| DATA EXTRACTS |
════

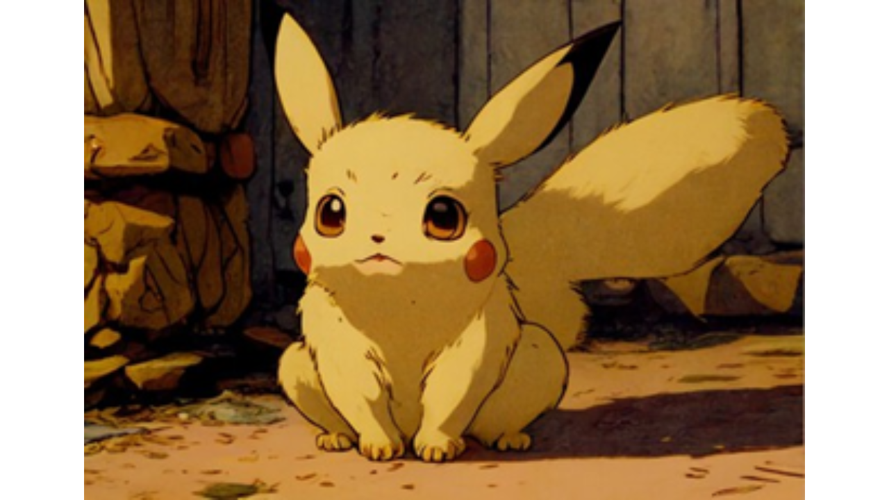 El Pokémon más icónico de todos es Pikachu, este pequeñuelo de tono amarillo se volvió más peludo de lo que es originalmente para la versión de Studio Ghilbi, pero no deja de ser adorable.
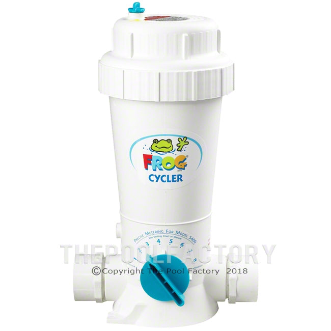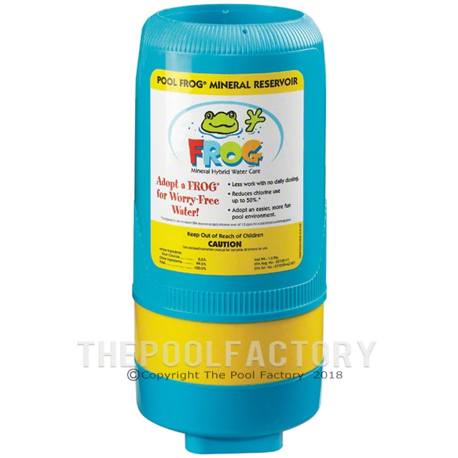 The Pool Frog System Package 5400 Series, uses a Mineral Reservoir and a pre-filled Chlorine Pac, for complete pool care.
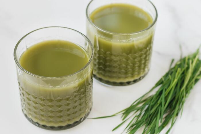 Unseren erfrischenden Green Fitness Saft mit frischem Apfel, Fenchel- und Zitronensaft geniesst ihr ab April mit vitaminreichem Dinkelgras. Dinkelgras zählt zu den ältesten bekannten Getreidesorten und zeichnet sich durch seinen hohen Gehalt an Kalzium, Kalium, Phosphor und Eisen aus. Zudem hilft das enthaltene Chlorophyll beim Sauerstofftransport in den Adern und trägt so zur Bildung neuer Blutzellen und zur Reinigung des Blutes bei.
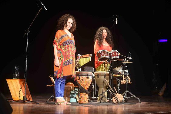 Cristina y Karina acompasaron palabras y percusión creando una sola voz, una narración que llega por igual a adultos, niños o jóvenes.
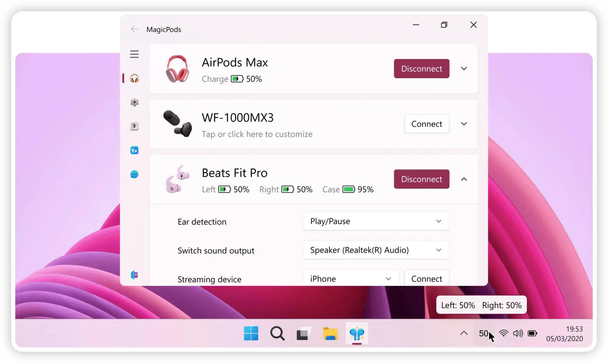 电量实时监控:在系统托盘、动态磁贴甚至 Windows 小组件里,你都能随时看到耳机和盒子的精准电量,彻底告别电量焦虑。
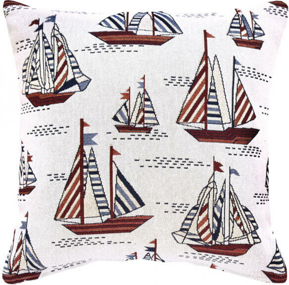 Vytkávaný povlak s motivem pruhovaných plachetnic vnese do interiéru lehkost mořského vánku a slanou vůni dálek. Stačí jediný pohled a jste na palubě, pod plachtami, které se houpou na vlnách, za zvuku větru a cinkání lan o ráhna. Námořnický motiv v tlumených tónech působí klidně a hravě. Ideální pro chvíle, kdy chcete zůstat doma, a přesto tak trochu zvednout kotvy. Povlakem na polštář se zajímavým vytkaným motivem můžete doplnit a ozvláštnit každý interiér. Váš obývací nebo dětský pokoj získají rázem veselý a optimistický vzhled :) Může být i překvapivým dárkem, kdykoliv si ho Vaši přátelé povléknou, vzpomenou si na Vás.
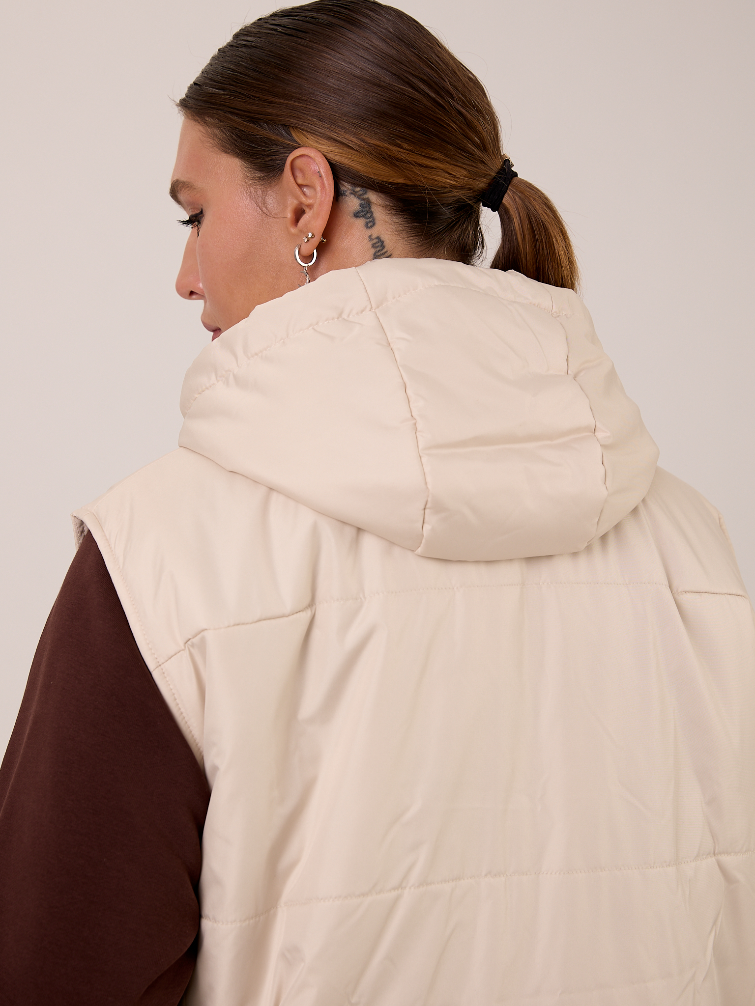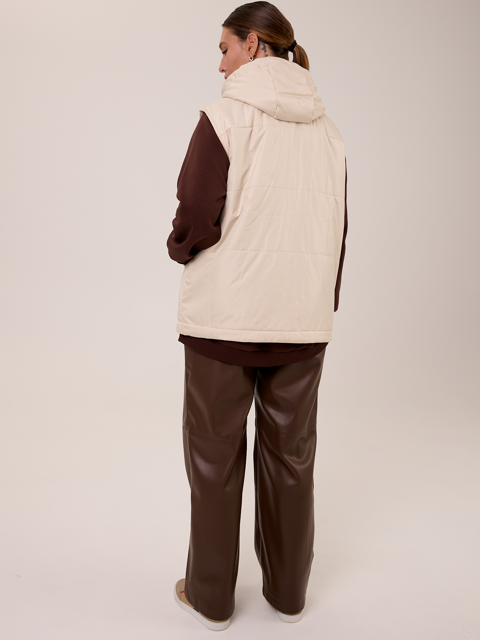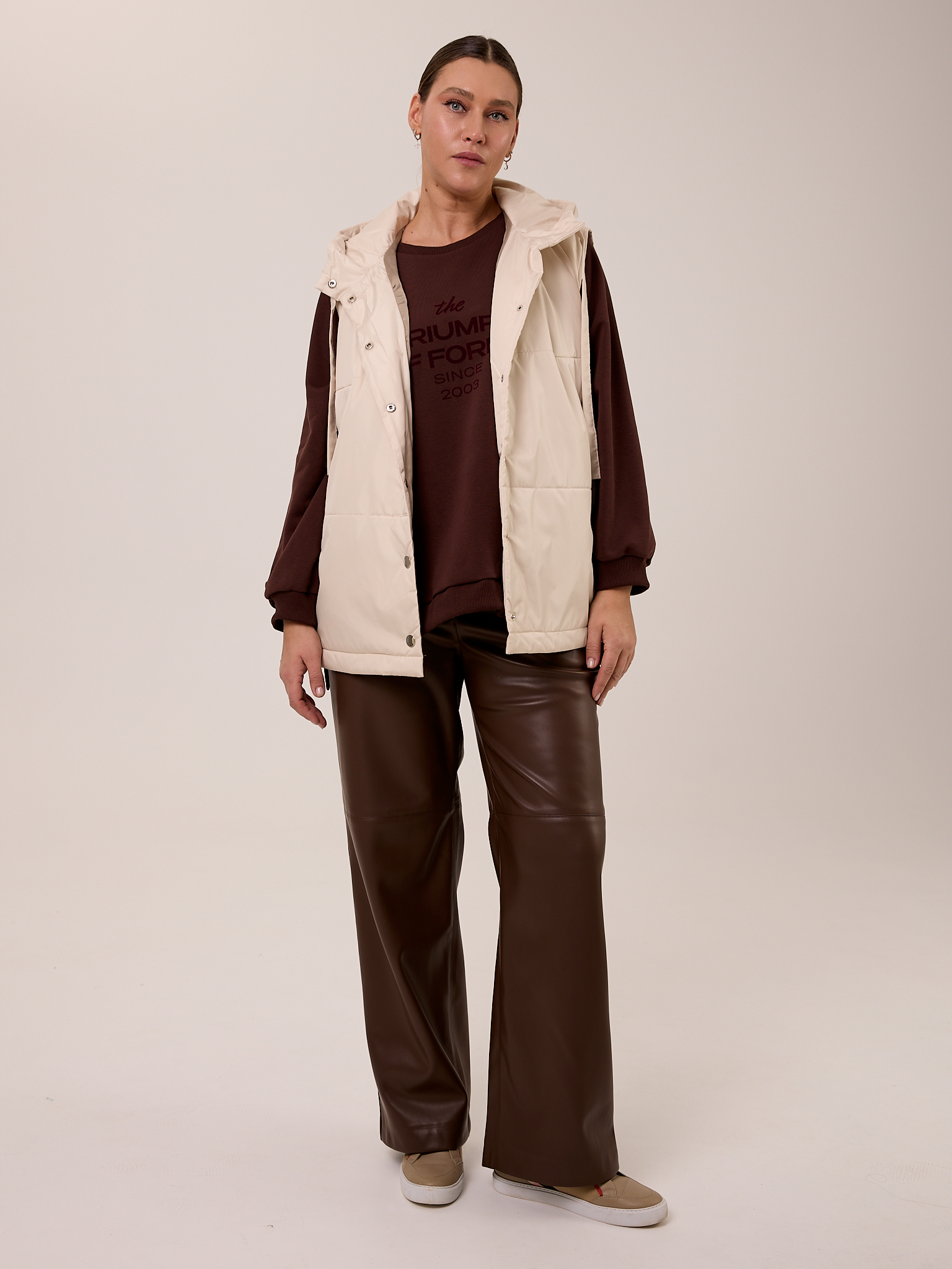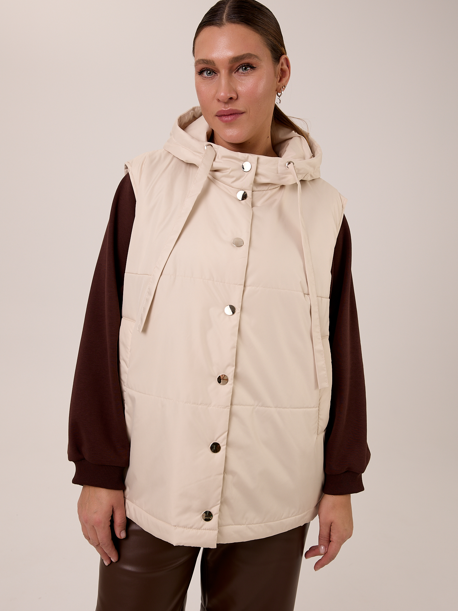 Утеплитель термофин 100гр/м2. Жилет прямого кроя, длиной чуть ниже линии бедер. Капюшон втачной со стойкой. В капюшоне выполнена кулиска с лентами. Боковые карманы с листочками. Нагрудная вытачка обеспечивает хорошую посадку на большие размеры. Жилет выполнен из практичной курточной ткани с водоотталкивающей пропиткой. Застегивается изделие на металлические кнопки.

════

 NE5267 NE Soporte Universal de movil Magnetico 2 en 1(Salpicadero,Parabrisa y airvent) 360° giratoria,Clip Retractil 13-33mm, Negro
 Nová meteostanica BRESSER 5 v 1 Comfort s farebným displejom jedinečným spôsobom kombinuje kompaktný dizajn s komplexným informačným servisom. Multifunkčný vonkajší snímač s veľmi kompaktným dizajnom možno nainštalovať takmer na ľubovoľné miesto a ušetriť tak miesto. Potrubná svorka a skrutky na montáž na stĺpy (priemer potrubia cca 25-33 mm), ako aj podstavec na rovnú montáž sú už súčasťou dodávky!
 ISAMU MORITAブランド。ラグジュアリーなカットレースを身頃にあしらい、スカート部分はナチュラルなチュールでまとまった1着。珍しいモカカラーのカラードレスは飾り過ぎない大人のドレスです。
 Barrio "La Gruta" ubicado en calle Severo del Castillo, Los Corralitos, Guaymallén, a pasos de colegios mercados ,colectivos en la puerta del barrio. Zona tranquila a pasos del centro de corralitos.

════

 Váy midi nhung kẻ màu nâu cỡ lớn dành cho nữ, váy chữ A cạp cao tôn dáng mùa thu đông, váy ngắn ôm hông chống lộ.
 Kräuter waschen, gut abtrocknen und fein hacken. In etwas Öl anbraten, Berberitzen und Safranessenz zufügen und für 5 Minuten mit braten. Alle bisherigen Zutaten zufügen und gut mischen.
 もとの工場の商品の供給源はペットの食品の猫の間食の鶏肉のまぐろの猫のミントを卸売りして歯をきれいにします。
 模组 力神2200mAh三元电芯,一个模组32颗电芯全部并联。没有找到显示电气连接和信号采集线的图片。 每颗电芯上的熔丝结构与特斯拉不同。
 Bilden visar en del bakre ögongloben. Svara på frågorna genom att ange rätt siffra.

════

| ACTIVITY |
Set down exactly the lines of the data above, beginning with the line that has "Váy midi nhung" and ending with the line that has "Bilden visar en", and no others.

| RESULT OF THE EXERCISE |
 Váy midi nhung kẻ màu nâu cỡ lớn dành cho nữ, váy chữ A cạp cao tôn dáng mùa thu đông, váy ngắn ôm hông chống lộ.
 Kräuter waschen, gut abtrocknen und fein hacken. In etwas Öl anbraten, Berberitzen und Safranessenz zufügen und für 5 Minuten mit braten. Alle bisherigen Zutaten zufügen und gut mischen.
 もとの工場の商品の供給源はペットの食品の猫の間食の鶏肉のまぐろの猫のミントを卸売りして歯をきれいにします。
 模组 力神2200mAh三元电芯,一个模组32颗电芯全部并联。没有找到显示电气连接和信号采集线的图片。 每颗电芯上的熔丝结构与特斯拉不同。
 Bilden visar en del bakre ögongloben. Svara på frågorna genom att ange rätt siffra.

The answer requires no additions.